Traceback (most recent call last):
  File "<stdin>", line 1, in <module>
  File "/opt/anaconda3/lib/python3.5/site-packages/hdfs3/core.py", line 475, in cat
    result = f.read()
  File "/opt/anaconda3/lib/python3.5/site-packages/hdfs3/core.py", line 633, in read
    out = self.read(2**16)
  File "/opt/anaconda3/lib/python3.5/site-packages/hdfs3/core.py", line 649, in read
    raise IOError('Read file %s Failed:' % self.path, -ret)
OSError: [Errno Read file /user/prabhu/examples/pi.py Failed:] 1
>>> 

Can you let me know whether HDF3 support wire encryption? or, Am I missing any configuration?

Please let me know.

Thanks Prabhu

martindurant commented 6 years ago

This is with "privacy" setting, correct?

This is a known efficiency in hdfs3 (specifically, libhdfs3/libgsasl). You could try again after updating hdfs3 and libhdfs3 to latest, and then downloading and conda-installing the file https://anaconda.org/mdurant/libgsasl/1.8.1/download/linux-64/libgsasl-1.8.1-1.tar.bz2 .

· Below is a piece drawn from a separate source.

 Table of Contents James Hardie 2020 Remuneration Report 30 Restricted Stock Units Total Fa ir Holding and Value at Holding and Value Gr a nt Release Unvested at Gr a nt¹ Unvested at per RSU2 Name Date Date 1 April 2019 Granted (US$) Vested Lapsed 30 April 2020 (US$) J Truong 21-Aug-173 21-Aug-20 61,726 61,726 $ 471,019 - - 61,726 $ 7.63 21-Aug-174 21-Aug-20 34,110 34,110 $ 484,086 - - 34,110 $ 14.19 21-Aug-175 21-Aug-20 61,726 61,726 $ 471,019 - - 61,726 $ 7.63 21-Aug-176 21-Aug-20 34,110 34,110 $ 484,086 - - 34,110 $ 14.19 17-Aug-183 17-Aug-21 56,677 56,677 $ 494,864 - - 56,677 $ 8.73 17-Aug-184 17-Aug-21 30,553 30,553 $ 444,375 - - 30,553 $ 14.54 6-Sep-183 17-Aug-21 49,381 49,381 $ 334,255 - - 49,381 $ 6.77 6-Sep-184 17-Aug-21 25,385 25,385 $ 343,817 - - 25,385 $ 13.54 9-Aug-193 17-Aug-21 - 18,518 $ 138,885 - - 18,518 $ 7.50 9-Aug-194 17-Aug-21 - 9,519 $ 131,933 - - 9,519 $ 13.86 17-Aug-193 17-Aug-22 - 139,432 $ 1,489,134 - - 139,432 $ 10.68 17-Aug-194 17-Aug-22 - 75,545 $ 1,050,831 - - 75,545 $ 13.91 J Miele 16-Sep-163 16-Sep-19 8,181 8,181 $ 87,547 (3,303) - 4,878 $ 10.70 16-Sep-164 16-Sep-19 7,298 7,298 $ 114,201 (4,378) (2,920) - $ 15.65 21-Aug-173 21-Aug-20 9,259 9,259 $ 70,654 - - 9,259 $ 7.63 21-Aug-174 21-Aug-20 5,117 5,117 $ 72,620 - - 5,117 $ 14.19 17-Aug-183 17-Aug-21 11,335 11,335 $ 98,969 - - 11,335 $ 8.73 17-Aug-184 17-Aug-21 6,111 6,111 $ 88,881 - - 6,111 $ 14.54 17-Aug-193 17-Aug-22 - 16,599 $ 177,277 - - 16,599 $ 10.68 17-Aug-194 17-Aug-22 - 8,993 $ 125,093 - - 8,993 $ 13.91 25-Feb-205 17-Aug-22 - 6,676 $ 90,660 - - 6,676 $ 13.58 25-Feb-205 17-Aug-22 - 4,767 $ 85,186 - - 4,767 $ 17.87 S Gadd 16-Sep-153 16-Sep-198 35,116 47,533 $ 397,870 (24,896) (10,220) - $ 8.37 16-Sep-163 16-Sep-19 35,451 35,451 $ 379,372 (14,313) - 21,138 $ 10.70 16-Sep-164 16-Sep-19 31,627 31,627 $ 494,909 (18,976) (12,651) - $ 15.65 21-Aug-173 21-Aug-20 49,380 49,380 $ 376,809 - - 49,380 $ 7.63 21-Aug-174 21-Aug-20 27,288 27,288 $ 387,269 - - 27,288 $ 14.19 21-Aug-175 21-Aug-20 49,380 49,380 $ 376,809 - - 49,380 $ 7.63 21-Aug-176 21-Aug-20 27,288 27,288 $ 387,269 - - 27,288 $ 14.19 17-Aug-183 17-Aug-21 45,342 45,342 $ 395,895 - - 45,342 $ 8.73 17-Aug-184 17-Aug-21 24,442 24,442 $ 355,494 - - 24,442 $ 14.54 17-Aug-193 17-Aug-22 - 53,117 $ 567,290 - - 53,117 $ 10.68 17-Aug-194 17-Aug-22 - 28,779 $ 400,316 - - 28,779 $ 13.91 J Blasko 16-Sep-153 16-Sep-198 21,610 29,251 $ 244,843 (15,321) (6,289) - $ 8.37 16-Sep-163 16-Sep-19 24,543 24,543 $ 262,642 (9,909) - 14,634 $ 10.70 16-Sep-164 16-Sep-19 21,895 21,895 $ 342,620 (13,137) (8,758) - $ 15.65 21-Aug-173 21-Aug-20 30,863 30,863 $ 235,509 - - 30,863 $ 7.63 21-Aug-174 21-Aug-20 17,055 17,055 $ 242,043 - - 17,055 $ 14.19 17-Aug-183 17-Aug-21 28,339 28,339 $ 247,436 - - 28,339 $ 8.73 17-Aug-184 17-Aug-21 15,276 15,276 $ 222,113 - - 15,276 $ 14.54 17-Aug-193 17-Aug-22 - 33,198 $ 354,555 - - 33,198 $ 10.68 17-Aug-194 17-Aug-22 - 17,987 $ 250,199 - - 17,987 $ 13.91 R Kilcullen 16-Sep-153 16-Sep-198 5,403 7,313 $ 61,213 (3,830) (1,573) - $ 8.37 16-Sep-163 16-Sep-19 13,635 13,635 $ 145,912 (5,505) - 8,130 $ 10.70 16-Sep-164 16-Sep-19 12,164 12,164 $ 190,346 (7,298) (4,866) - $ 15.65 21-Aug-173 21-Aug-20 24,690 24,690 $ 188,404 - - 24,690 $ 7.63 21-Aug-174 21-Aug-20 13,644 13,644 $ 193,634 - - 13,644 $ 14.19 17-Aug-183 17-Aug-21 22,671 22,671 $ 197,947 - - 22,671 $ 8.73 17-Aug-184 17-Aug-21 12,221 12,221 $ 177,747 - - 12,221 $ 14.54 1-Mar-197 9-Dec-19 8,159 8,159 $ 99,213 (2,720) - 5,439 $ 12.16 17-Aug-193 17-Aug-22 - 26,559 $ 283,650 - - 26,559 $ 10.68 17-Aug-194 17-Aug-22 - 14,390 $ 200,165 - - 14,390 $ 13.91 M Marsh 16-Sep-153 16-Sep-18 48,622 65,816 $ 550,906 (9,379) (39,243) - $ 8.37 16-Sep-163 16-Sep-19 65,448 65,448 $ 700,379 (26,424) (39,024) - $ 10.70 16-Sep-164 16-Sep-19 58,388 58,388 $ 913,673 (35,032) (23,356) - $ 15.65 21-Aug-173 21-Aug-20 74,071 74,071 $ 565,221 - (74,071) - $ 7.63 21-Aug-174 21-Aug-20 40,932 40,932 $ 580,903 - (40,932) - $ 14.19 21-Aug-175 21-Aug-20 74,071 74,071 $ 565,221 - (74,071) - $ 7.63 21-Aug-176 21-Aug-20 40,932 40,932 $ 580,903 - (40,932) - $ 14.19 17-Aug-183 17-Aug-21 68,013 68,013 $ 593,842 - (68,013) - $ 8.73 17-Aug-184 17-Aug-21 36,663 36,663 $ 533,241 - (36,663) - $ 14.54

ayushiagarwal commented 6 years ago

Hi,

We upgraded the hdfs3 and libhdfs3 to the latest version, but still when we are trying to put any thing it does not put anything:

hdfs = HDFileSystem(host="myhadoop",pars={"dfs.nameservices": "myhadoop","dfs.ha.namenodes.myhadoop": "nn1,nn2","dfs.namenode.rpc-address.myhadoop.nn1": "nn1.example.com:8020","dfs.namenode.rpc-address.myhadoop.nn2": "nn2.example.com:8020","hadoop.security.authentication": "kerberos"})

hdfs.put("/user/prabhu/examples/pi.py"); It still does not work. Am i still missing any configuration?

martindurant commented 6 years ago

Unfortunately, getting all the security configurations working via libhdfs3 has proved very problematic. I now recommend that you switch to arrow's hdfs module instead. It deals much better with configuration and security, and doesn't miss much of what is provided by hdfs3.

sangramga commented 5 years ago

Is this issue resolved? I am facing the same issue while accessing ENCRYPTED(Transparent Data Encryption) HDFS (with Kerberos).

martindurant commented 5 years ago

No, this is not resolved, so the recommendation to use pyarrow stands.